── EXERCISE DATA

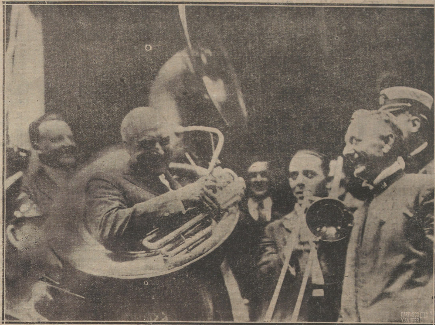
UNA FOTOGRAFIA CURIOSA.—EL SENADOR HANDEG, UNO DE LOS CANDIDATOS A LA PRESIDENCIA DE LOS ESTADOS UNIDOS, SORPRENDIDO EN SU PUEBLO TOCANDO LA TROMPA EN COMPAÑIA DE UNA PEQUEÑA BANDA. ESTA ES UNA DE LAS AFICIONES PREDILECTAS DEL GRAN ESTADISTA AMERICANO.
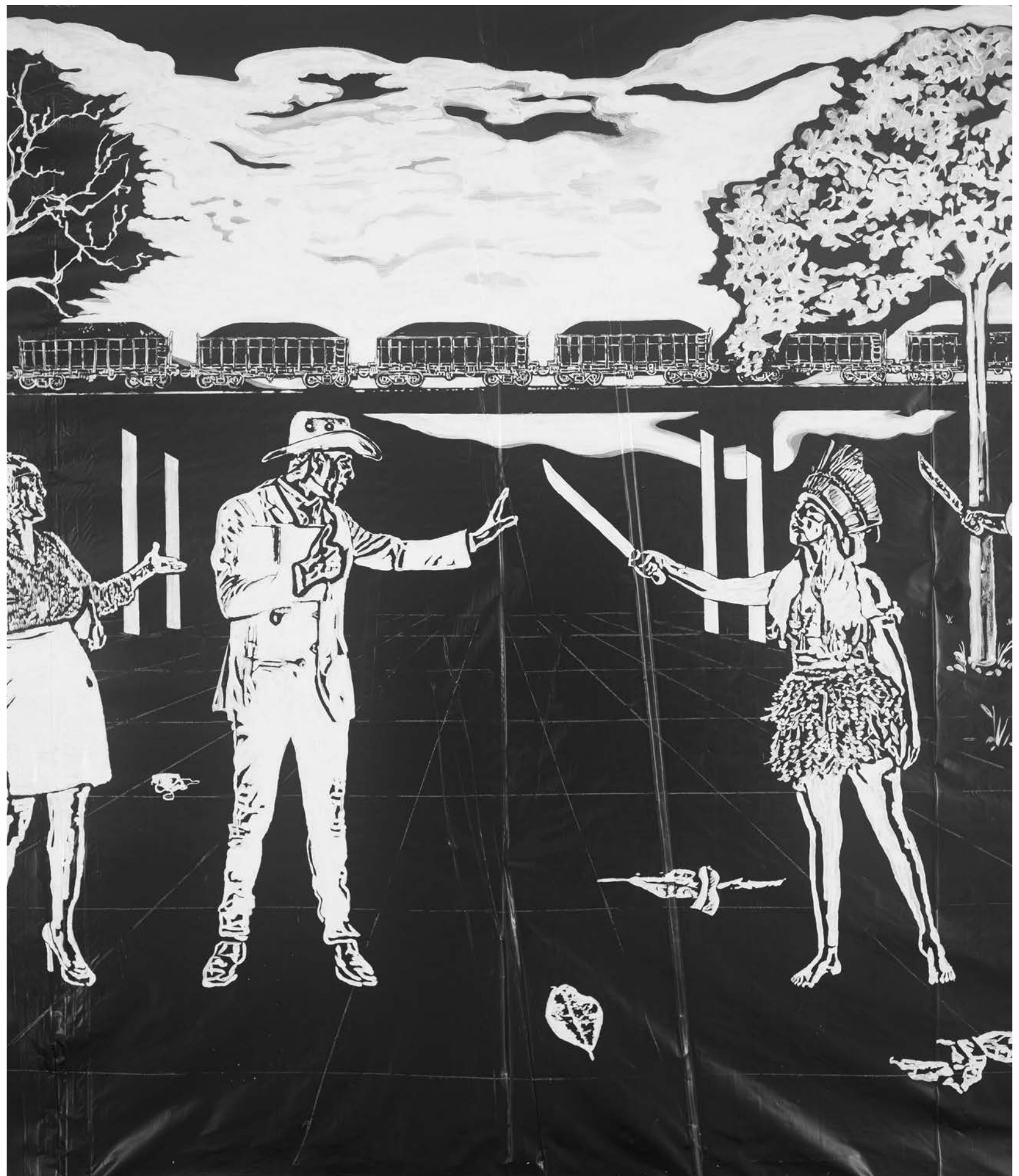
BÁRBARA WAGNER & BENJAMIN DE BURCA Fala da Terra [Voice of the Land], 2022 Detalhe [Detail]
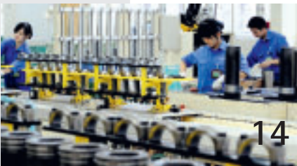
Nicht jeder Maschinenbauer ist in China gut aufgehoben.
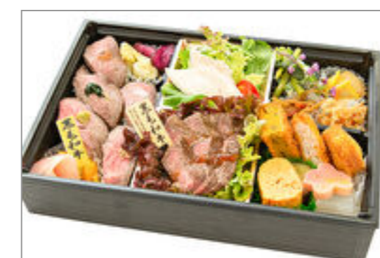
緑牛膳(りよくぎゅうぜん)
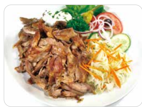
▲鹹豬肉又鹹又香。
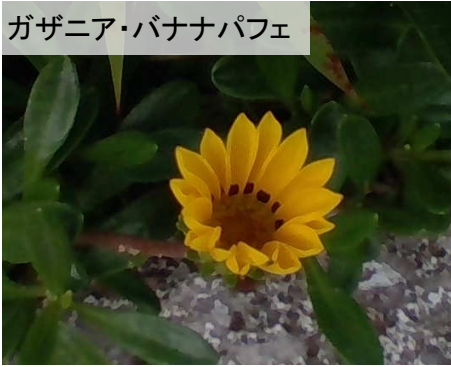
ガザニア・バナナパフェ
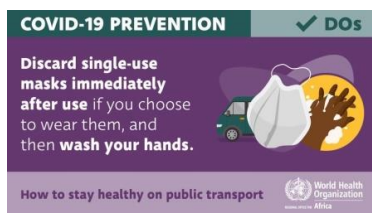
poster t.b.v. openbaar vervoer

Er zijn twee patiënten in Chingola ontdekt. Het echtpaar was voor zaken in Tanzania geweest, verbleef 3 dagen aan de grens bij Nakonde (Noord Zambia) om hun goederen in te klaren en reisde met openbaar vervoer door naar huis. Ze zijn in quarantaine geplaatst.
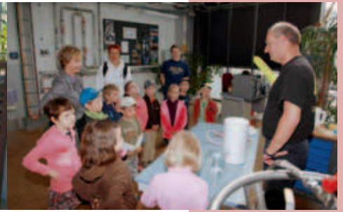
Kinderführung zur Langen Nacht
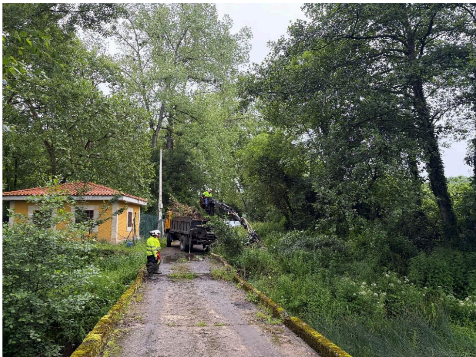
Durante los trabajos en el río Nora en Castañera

────

> WHAT YOU WILL DO
Return exactly the part of the listing above that opens with the line containing "BÁRBARA WAGNER &" and closes with the line containing "Kinderführung zur Langen Nacht". Pictures stay out.

> TASK RESULT
BÁRBARA WAGNER & BENJAMIN DE BURCA Fala da Terra [Voice of the Land], 2022 Detalhe [Detail]
Nicht jeder Maschinenbauer ist in China gut aufgehoben.
緑牛膳(りよくぎゅうぜん)
▲鹹豬肉又鹹又香。
ガザニア・バナナパフェ
poster t.b.v. openbaar vervoer

Er zijn twee patiënten in Chingola ontdekt. Het echtpaar was voor zaken in Tanzania geweest, verbleef 3 dagen aan de grens bij Nakonde (Noord Zambia) om hun goederen in te klaren en reisde met openbaar vervoer door naar huis. Ze zijn in quarantaine geplaatst.
Kinderführung zur Langen Nacht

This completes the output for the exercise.